GenAI & LLM Interviews · Lesson 8 of 30
Interview: Prompt Engineering (Part 2)
Q1: How does function calling differ from parsing free text output?
Answer: Function calling (also called "tool use") is an API feature where the model returns a structured JSON object describing a tool invocation rather than natural language text. Free text output parsing involves extracting structured data from natural language responses.
Free text parsing:
Prompt: "Extract the drug name and dose from: patient takes warfarin 5mg daily"
Output: "The drug is warfarin and the dose is 5mg per day."
Parser: regex / string search to extract values
Problem: model may use different phrasing each time, breaking the parserFunction calling:
Model output: {"function": "extract_medication", "arguments": {"name": "warfarin", "dose_mg": 5.0, "frequency": "daily"}}
Result: always valid JSON, always correct field names, parseable with json.loads()Why function calling is better:
- Output is schema-constrained — model can't invent fields or use unexpected formats
- Argument types are enforced — the model produces a number for
dose_mg, not "5 milligrams" - No parsing logic needed — direct
json.loads()and type validation - Model can signal "I need information before I can act" by calling an information-retrieval tool
When free text parsing is still used:
- Models that don't support function calling
- Simple extraction where the pattern is highly reliable
- Cases where you want the model to "decide" the structure, not conform to a predefined schema
Q2: Explain the prompt structure for a reliable document Q&A system.

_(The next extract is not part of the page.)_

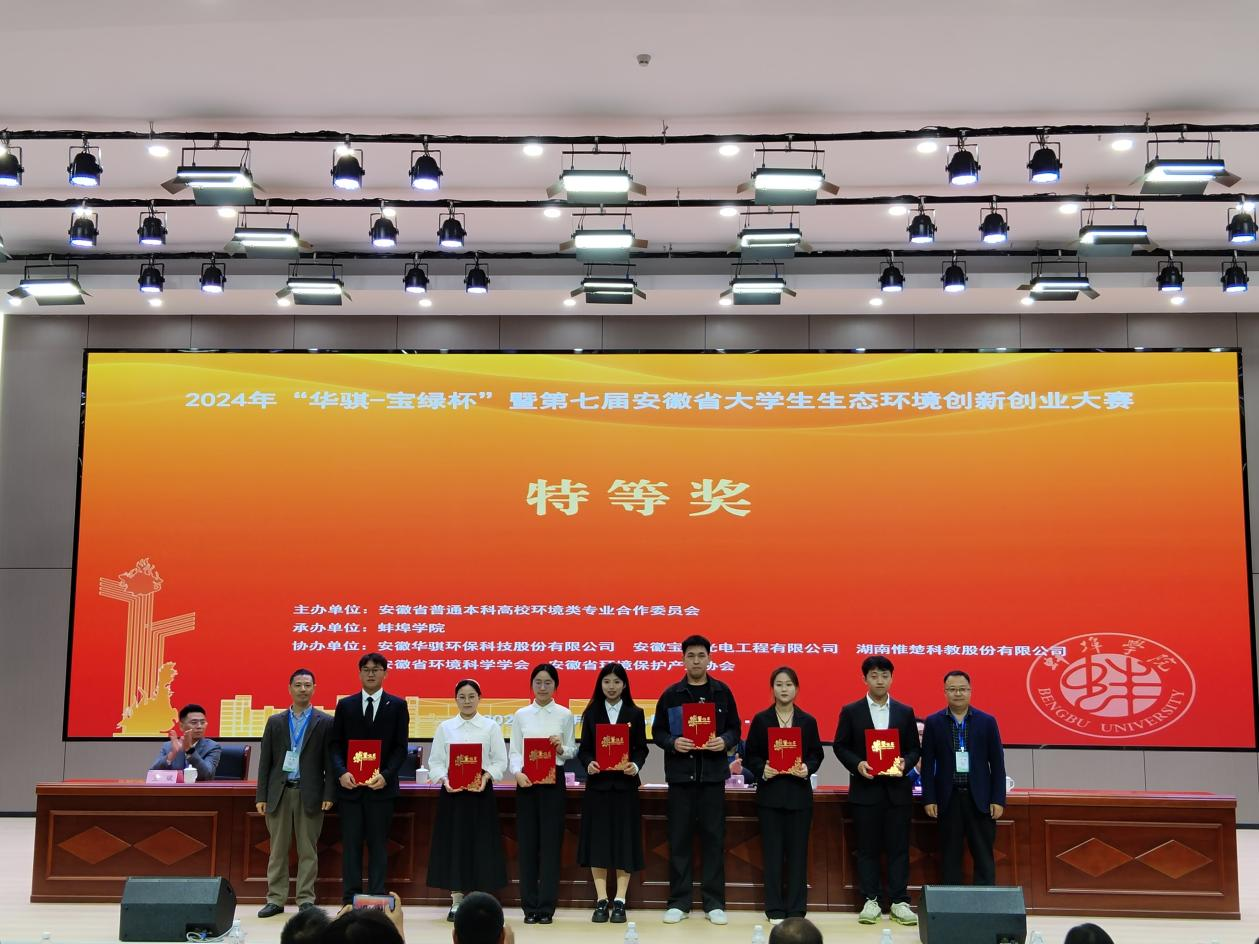 本网讯 11月16日,2024年“华骐-宝绿杯”暨第七届安徽省大学生生态环境创新创业大赛决赛在蚌埠学院落下帷幕,我院参赛团队荣获最高奖项省级特等奖,并取得了参加该类赛事的新突破。

Answer: A reliable document Q&A system requires careful prompt structuring:
System prompt: Define the assistant's role, scope, and the critical instruction to only use provided documents:
You are a clinical pharmacist. Answer questions ONLY using the provided reference documents.
If the documents don't contain information needed to answer, say: "The provided documents don't address this."
Cite document numbers for every factual claim.User message structure:
[Document 1] {title and content}
[Document 2] {title and content}
...
Question: {user question}Key design decisions:
- Explicit grounding instruction: "Answer ONLY using the provided documents" — prevents hallucination from pretraining knowledge
- Citation requirement: Forces the model to link every claim to a source — detects hallucination (if the model cites [Document 3] but there's no Document 3, or the claim isn't in the cited document)
- Graceful degradation: "If not in documents, say so" — better than making something up
- Document ordering: Most relevant documents at the start and end to combat lost-in-the-middle
- Document count: Fewer, more relevant documents outperform many weakly relevant ones
For production RAG: add an output validator that checks whether cited documents actually contain the claimed information.
Q3: What is self-consistency and when would you use it vs chain-of-thought?
Answer: Chain-of-thought (CoT) generates one reasoning path at temperature 0 or low temperature. Self-consistency generates N reasoning paths at higher temperature, then takes a majority vote on the final answers.
Self-consistency advantages:
- More robust to a single reasoning path making an error early on
- Better calibrated confidence (if 4 of 5 paths agree, that's more reliable than 1 path)
- Empirically provides 5-15% accuracy gains on multi-step reasoning tasks
When to use CoT alone:
- Cost is a concern — self-consistency costs N× more
- Tasks where one path is highly reliable (simple calculation, single-step lookup)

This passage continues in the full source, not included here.